Finishing a major part of a journey is a funny thing. Today was my last chemo treatment. I had 4 hard treatments of the “red devil” and 12 very manageable treatments thereafter. 16 treatments in all. 16. I remember how I longed to be 16; now that number has a new meaning. Even the Benadryl today couldn’t keep me asleep as I watched the minutes and hours tick by. At 10:20 AM, I had a countdown going on in my head and as the machine beeped at me around 10:45 AM signifying that the medicine, as well as, time was winding down, I could feel the anticipation of the final steps-flush the port, pull the port out, apply a bandage with the words echoing in my mind “You are done.” “You are done.” Part of it doesn’t seem real.
My throat was tight this morning and my eyes a little misty. I haven’t fully grasped that I’m done, and I know a moment is coming where I’ll have a good cry- tears of joy, relief, fatigue, guilt. I am sure you weren’t imaging the world “guilt” but when sometimes when you go through something you know others will not be as lucky, there’s a little survivor’s guilt. I remember feeling this way living in Tuscaloosa after April 27 and seeing the devastation. Although I haven’t rang the bell, (decided to wait until after radiation) some will never hear that sound, and it pains me.
I am honored to have ended my chemo journey the day after Easter. I’ve thought about the sacrifice Jesus made and how he has supported me and seen me through the good and bad days. I was asked to read at church on Saturday about the promises God made to Abraham. He told Abraham to look at the stars and try to count them- that’s how blessed Abraham would be. I feel that way about this journey- some many blessings-like the stars and Abraham, I cannot count them all.
I think about how my own journey has changed me. I want to thank my husband, children, friends, and family for their constant support. Almost every treatment, there was my mom, a constant, a constant not having to say a word but be present. Thank you, God, for her presence and strength. My husband- patient, loving, and continuing to shave his head until my hair grows back. Text messages, lunch visits, etc. from friends have meant the world to me. I’ve not been perfect in this journey but have tried to remain positive and to push forward, and they’ve stood by me each step of the way. That kind of love is overwhelming, and I cannot begin to express how much that means to me.
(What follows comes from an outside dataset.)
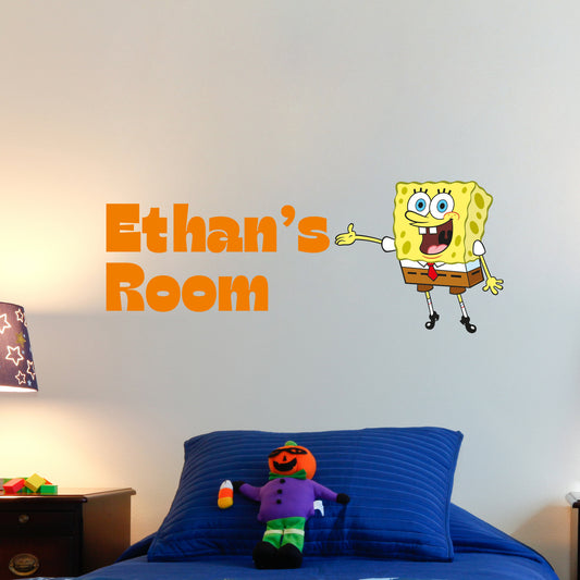 SpongeBob Wall Sticker - SpongeBob Pointing at Personalised Name Decal Wall Art

Today, I went by and saw my grandfather. He called me over. I knelt down, and took his hand. He told me that he remembered when I took my first steps at his old house- the Yellow House (my favorite house). He said he called Maw Maw and said, “She just took her first steps.” It was a sweet memory and a moment I will never forget and will hold on tightly in my heart.
Today, I took my first steps in moving past the chapter of my life titled “Cancer”. As I turn the page and end the Chemo Chapter, I take a deep breath, wait on the next leg of the journey- radiation. I thank God and remind myself- to remember these moments, learn from these moments, share these moments, and use it, use it to help others. I am ready Lord. I am ready to serve.